Im Moment glaube ich das nicht, da es weltweit noch immer so viele ungeimpfte Menschen gibt. Die Impfdosen müssen solidarisch an Staaten weitergegeben werden, die nicht die Möglichkeit haben, sie zu kaufen. Aber sicherlich wird die Personengruppe erweitert werden, die die dritte Dosis erhält. Wir wissen aber noch nicht, wie lange die Immunisierung hält.

Die Gewerkschaften beschuldigen Sie, die Lage in den Krankenhäusern zu beschönigen. Diese würden aus allen Nähten platzen.

Die Gewerkschaften haben die Arbeitsbedingungen ihrer Mitglieder im Blick. Das ist ihr gutes Recht. Von einem Kollaps im Krankenhaus kann keine Rede sein. Wir haben ein starkes Gesundheitssystem. Wenn 26 Prozent der Intensivstation mit Corona-Patienten belegt sind, dann bleiben noch 74 Prozent verfügbar. Sicherlich gab es im Sommer Hochbetrieb, da wesentlich mehr Leute auf der Insel waren. Es gab extrem viele Unfälle im Meer und auf den Straßen. Das Sanitätspersonal war zum Teil auch im Urlaub, was es sich redlich verdient hatte. Die Gewerkschaften beschweren sich zu einem Zeitpunkt, an dem es schwierig ist, es allen recht zu machen. Ich denke aber, wir haben diese Prüfung mit einer guten Note bestanden.

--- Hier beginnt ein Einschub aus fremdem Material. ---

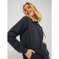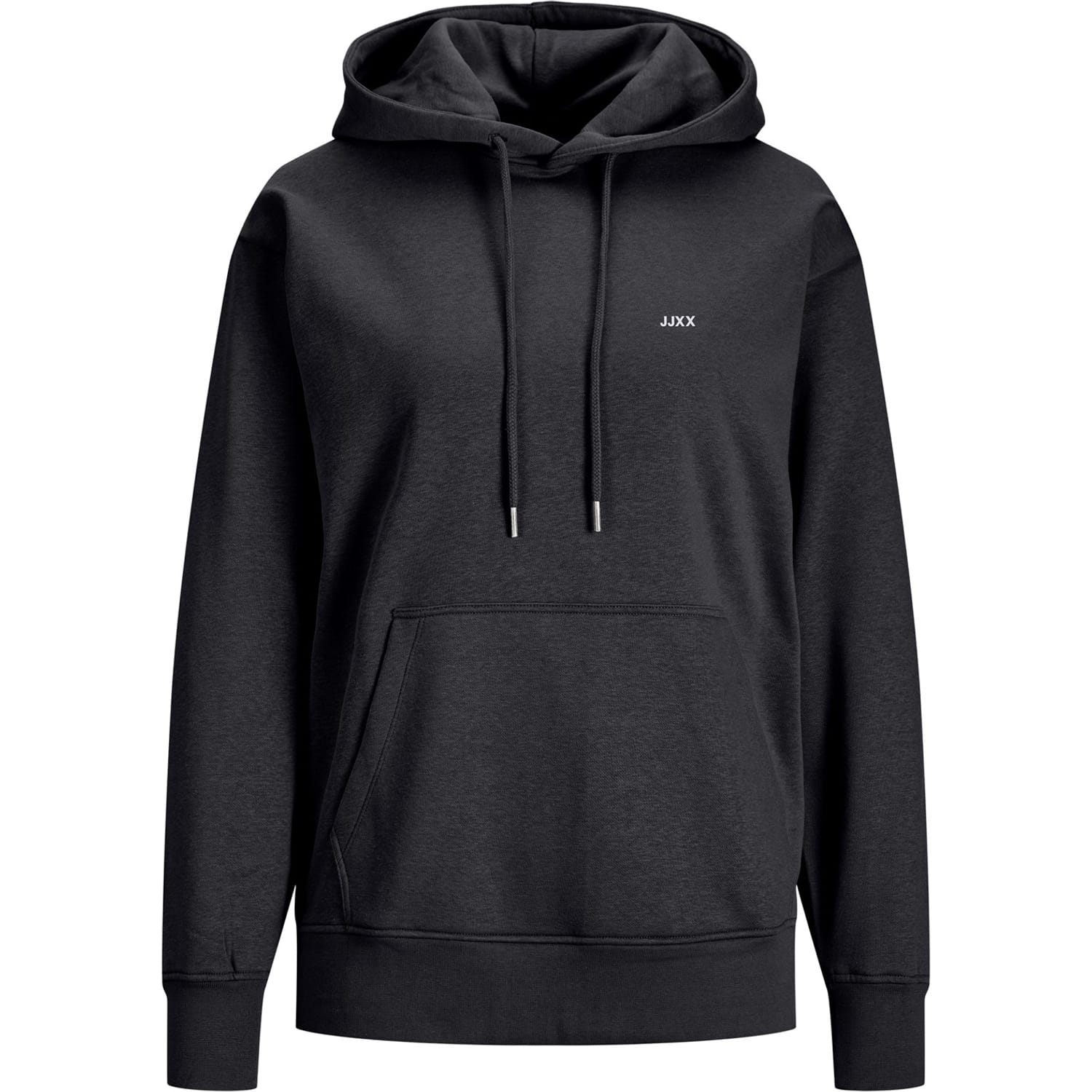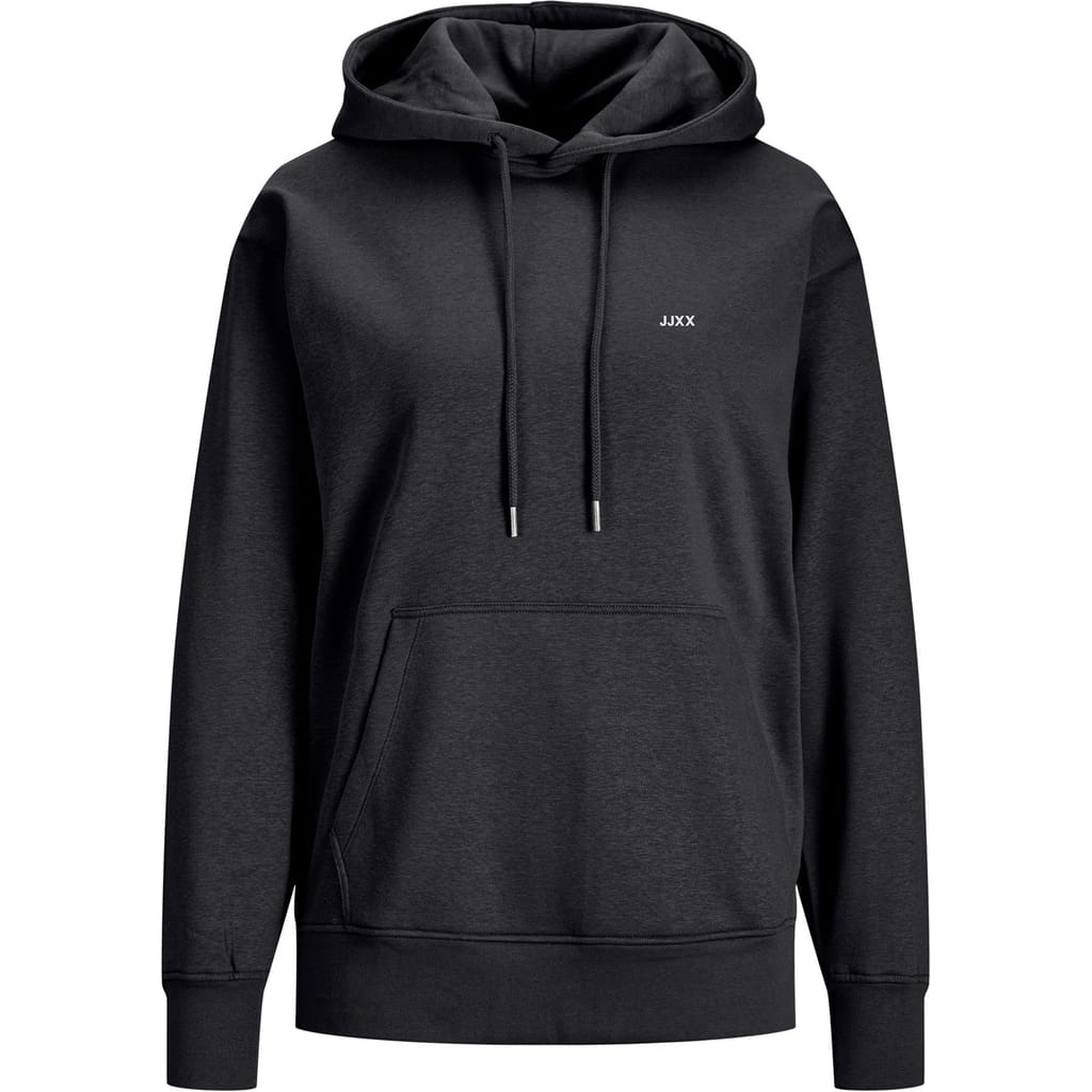The jjxx sweatshirt is a stylish hoodie with a hooded neckline and long sleeves. It features a drawstring closure and a regular fit for comfort. The ribbed cuffs add a touch of detail, while the kangaroo pocket enhances its functionality. A subtle logo embellishment completes the design, making it a versatile choice for everyday wear. -
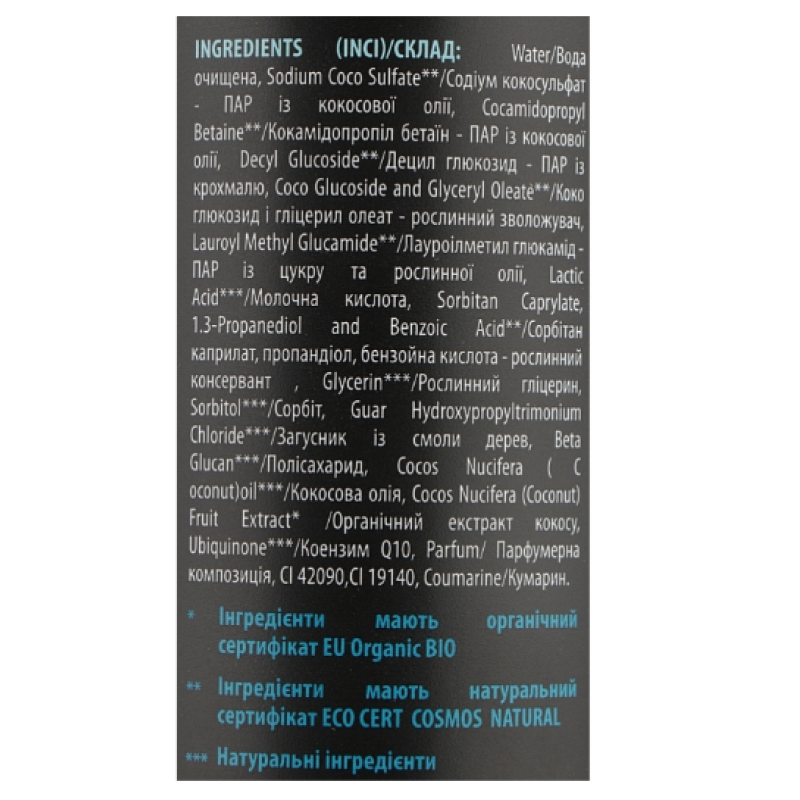 Состав: Water (вода), Sodium Coco Sulfate (ПАР из кокосового масла), Cocamidopropyl Betaine (ПАР из кокосового масла), Decyl Glucoside (ПАР из крахмала), Composition (Coco Glucoside (and) Glyceryl Oleate) ** (растительный увлажнитель), Lauroyl Methyl Glucamide (ПАР из сахара и растительного масла), Lactic Acid (молочная кислота из кукурузы), Composition (Sorbitan Caprylate, 1.3-Propanediol and Benzoic Acid) (растительный консервант), Glycerin (растительный глицерин), Sorbitol (растительный увлажнитель), Guar Hydroxypropyltrimonium Chloride (загуститель из смолы деревьев), Beta Glucan (полисахарид), Cocos Nucifera (Сoconut) oil ( кокосовое масло), Cocos Nucifera (Coconut) Fruit Extract (органический экстракт кокоса), Parfum, Colour.

Haben Sie eine Rechnung aufgestellt, was die Pandemie den Gesundheitssektor kostet?

Wir haben dieses Jahr aus einem spanienweiten Fonds 300 Millionen Euro zur Verfügung. Das Geld reicht aus. Die Belegschaft im Gesundheitssystem beläuft sich auf 20.000 Personen. Durch die Pandemie mussten wir 3.600 neue Fachkräfte einstellen. Das ist ein Wachstum von 22 Prozent, das mit neuen Kosten einhergeht. Wir haben Corona-Hotels eingerichtet und sind einer der wenigen Orte auf der Welt, die einen solchen Service den Urlaubern anbieten können. Dazu kommen die Kontrollen an den Häfen und Flughäfen. Auch hier sind rund tausend Personen beschäftigt. Und nicht zu vergessen die Mitarbeiter in den Impfzentren.